An internal function for calibration of weights using empirical likelihood method

calib_el performs calibration using empirical likelihood (EL) method. The function is taken from Wu (2005). If algorithm has problem with convergence constrOptim is used instead (as in Zhang, Han and Wu (2022)).

In (pseudo) EL the following (pseudo) EL function is maximized

\[\sum_{i \in r} d_i\log(p_i),\]

under the following constraint

\[\sum_{i \in r} p_i = 1,\]

with constraints on quantiles (with notation as in Harms and Duchesne (2006))

\[\sum_{i \in r} p_i(a_{i} - \alpha/N) = 0,\]

where \(a_{i}\) is created using joint_calib_create_matrix function, and possibly means

\[\sum_{i \in r} p_i(x_{i} - \mu_{x}) = 0,\]

where \(\mu_{x}\) is known population mean of X. For simplicity of notation we assume only one quantile and one mean is known.
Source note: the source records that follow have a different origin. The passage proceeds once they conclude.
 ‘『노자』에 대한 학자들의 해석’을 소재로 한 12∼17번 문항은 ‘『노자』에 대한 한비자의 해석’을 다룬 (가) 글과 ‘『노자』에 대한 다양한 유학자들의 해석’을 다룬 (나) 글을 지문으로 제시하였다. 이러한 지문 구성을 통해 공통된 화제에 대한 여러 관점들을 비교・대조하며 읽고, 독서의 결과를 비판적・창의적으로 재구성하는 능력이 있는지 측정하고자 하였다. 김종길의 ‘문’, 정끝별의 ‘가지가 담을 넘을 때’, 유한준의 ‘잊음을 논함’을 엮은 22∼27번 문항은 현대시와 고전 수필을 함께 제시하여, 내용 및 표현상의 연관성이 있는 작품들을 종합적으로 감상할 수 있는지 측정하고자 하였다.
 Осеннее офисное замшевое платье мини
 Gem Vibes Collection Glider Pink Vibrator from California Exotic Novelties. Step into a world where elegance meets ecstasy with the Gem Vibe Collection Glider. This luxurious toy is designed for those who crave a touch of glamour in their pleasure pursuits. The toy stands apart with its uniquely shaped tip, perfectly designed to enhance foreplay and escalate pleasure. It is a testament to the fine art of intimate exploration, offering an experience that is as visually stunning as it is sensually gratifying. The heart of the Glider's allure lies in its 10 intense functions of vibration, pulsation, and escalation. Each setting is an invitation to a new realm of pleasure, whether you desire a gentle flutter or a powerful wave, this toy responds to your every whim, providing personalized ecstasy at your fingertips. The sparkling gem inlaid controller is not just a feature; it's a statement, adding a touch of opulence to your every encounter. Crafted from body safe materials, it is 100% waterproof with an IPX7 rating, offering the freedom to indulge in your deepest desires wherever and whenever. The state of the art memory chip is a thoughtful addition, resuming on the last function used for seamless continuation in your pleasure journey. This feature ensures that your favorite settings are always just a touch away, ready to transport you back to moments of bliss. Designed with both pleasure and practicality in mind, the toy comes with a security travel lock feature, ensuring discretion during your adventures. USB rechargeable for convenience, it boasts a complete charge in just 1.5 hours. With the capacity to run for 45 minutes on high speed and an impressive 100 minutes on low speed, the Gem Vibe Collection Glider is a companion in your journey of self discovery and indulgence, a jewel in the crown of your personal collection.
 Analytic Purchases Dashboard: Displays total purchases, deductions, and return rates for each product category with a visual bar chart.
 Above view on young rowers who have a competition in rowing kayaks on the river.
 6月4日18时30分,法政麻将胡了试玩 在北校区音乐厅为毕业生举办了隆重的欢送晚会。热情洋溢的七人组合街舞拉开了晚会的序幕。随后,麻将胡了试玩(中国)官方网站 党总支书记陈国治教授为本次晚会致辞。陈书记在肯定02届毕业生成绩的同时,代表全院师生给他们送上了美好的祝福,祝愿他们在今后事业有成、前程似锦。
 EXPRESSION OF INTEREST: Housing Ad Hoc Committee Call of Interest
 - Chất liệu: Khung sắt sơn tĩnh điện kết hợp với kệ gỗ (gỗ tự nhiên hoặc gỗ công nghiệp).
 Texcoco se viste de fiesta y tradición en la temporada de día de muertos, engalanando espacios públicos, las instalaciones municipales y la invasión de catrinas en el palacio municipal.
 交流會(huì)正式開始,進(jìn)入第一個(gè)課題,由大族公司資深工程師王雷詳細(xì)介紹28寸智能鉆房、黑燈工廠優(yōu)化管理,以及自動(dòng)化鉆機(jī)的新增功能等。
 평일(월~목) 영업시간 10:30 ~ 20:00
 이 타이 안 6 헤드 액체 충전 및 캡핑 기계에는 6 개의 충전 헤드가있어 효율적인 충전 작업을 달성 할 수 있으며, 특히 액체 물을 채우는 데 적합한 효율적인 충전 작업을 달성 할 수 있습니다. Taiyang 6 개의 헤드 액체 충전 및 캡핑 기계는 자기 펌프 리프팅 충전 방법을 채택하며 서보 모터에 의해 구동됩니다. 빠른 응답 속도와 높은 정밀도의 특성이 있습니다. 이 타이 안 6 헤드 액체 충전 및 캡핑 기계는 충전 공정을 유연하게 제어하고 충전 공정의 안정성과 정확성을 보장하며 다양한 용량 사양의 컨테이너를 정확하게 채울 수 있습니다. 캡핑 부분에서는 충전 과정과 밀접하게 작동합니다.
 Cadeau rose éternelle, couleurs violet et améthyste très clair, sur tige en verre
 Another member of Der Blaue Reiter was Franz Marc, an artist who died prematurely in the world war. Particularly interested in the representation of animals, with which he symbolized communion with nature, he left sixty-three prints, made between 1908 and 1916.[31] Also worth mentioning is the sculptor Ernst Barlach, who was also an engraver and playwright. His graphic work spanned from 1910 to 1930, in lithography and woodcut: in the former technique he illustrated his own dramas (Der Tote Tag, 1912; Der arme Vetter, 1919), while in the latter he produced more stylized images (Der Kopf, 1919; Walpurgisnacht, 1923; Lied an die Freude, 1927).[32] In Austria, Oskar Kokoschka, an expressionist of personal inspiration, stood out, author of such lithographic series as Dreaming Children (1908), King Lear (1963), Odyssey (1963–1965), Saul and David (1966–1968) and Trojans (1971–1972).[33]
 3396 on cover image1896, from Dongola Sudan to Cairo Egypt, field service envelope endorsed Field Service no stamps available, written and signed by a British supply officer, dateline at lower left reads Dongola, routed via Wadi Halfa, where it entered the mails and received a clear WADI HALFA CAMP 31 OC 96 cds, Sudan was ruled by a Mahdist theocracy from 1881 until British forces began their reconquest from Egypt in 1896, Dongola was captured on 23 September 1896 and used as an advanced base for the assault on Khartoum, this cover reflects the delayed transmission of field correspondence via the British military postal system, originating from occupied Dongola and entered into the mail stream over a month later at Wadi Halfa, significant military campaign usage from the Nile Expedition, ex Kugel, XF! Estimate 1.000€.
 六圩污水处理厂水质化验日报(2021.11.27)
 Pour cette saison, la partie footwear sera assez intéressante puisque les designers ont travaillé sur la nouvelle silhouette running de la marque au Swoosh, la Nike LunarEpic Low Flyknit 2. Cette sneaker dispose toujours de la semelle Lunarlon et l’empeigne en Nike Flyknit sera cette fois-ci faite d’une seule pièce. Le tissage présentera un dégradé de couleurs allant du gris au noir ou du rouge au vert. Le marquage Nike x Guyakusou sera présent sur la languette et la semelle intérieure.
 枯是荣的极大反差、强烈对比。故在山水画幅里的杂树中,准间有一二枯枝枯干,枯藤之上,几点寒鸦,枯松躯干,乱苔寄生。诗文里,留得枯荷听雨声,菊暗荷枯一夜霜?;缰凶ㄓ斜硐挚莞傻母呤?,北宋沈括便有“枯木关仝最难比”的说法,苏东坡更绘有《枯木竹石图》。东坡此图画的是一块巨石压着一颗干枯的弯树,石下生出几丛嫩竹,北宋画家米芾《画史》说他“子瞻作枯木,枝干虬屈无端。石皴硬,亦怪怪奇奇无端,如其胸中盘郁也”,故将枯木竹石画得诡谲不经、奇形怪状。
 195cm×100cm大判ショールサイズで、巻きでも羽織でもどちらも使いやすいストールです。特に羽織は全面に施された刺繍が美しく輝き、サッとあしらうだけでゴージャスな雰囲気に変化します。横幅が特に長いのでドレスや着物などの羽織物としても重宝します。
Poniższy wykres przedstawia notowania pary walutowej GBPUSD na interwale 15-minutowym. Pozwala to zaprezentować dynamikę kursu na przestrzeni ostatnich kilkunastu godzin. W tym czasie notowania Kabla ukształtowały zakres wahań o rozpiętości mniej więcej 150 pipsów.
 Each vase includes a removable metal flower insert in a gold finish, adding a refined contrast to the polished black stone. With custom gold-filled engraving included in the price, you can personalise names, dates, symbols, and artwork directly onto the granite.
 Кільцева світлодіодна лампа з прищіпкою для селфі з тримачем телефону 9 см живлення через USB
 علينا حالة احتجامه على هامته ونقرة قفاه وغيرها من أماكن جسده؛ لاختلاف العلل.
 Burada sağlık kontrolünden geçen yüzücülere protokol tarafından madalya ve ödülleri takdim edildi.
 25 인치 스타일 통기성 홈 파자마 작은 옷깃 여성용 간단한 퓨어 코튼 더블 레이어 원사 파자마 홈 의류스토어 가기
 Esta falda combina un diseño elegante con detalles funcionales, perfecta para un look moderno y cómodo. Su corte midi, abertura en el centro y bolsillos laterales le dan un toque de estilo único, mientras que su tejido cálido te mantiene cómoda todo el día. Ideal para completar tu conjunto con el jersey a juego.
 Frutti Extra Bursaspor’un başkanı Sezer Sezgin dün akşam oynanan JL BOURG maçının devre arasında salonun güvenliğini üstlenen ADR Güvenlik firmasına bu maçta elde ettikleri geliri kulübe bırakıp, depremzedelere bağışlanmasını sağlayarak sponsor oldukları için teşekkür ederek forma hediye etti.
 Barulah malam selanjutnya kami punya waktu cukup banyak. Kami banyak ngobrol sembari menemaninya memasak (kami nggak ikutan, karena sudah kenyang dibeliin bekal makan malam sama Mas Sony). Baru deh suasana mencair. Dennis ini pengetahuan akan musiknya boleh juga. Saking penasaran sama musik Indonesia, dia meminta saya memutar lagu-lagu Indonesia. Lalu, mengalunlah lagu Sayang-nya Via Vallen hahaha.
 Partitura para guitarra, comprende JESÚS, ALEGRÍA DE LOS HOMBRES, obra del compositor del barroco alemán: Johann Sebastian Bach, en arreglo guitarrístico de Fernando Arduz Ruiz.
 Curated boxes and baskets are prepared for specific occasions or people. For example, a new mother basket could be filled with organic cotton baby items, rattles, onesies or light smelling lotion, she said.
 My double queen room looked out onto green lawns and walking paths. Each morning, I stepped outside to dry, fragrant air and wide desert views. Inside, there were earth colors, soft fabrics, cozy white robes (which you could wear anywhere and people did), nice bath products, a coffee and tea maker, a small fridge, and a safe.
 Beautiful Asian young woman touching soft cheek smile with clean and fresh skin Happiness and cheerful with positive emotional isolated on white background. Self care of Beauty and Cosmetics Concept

This can be generalized to multiple quantiles and means.

Usage

calib_el(
  X,
  d,
  totals,
  maxit = 50,
  tol = 1e-08,
  eps = .Machine$double.eps,
  att = FALSE,
  ...
)

Arguments

X: matrix of variables for calibration of quantiles and totals (first column should be intercept),
d: initial d-weights for calibration (e.g. design-weights),
totals: vector of totals (where 1 element is the population size),
maxit: a numeric value giving the maximum number of iterations,
tol: the desired accuracy for the iterative procedure,
eps: the desired accuracy for computing the Moore-Penrose generalized inverse (see MASS::ginv()),
att: indicating whether the weights should sum up treatment group (for joint_calib_att function),
...: arguments passed to stats::optim via stats::constrOptim.

Value

Returns a vector of empirical likelihood g-weights

References

Wu, C. (2005). Algorithms and R codes for the pseudo empirical likelihood method in survey sampling. Survey Methodology, 31(2), 239 (code is taken from https://sas.uwaterloo.ca/~cbwu/Rcodes/LagrangeM2.txt).

Zhang, S., Han, P., and Wu, C. (2023) Calibration Techniques Encompassing Survey Sampling, Missing Data Analysis and Causal Inference. International Statistical Review, 91: 165–192. https://doi.org/10.1111/insr.12518 (code is taken from Supplementary Materials).

Author

Maciej Beręsewicz based on Wu (2005) and Zhang, Han and Wu (2022)

Examples

## generate data based on Haziza and Lesage (2016)
set.seed(123)
N <- 1000
x <- runif(N, 0, 80)
y <- exp(-0.1 + 0.1*x) + rnorm(N, 0, 300)
p <- rbinom(N, 1, prob = exp(-0.2 - 0.014*x))
totals_known <- c(N=N, x=sum(x))
df <- data.frame(x, y, p)
df_resp <- df[df$p == 1, ]
df_resp$d <- N/nrow(df_resp)
res <- calib_el(X = model.matrix(~x, df_resp),
                d = df_resp$d,
                totals = totals_known)
data.frame(known = totals_known, estimated=colSums(res*df_resp$d*model.matrix(~x, df_resp)))
#>      known estimated
#> N  1000.00   1000.00
#> x 39782.22  39782.22